長谷川直行様(以下、長谷川様) 東日本大震災やコロナ禍などを経験していくなかで、社会とのかかわりの重要性に改めて気づかされました。加えてSDGs(持続可能な開発目標)が注目されるようになり、社会貢献や地域貢献として、当社に何ができるかと検討して出した答えがECでした。当社は人材派遣とビルメンテナンスを事業の柱としていますが、特に人材派遣では物流系を得意としていますので、ECと親和性が高いだろうと考えました。

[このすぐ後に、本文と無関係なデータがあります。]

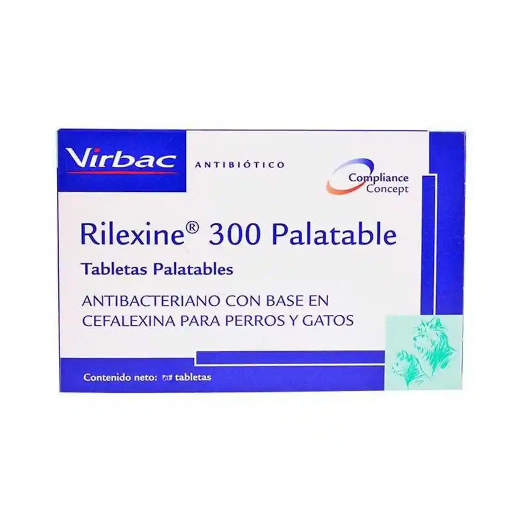 Rilexine 300 es un medicamento antimicrobiano diseñado para el tratamiento eficaz de infecciones cutáneas, urinarias, respiratorias y gastrointestinales en perros y gatos. Este producto contiene Cefalexina, un potente antibiótico que actúa deteniendo el crecimiento de bacterias susceptibles, ayudando a aliviar los síntomas y promover una recuperación más rápida. Rápida acción contra infecciones bacterianas Formulado especialmente para caninos y felinos Disponible en cómodas tabletas de fácil administración Ayuda a reducir inflamación y malestar asociado con varias infecciones Proporciona un tratamiento efectivo para múltiples tipos de infecciones

また、2019年のコロナウイルスの影響により、地域のお店が売上を落としていました。同じく生産者様も同様に影響を受けていました。千葉県には素晴らしい生産品がたくさんありますが、コロナ禍の自粛ムードでお客様にご来店いただけなくなり、ネット販路をお持ちでない生産者様も多かったため、ありがとねっとで販路拡大をしていただこうと考えました。
ありがとねっとは千葉県の産業復興が目的のため、どなたでも参加しやすいように大手ECモールよりも販売手数料をリーズナブルに設定しました。初期費用やランニングコストが無料で、加盟手続きも簡単。生産者様の負担を減らして、しっかり利益を上げていただこうという方針です。また、商品の出品から販売開始まで、事務局のスタッフが手厚くサポートします。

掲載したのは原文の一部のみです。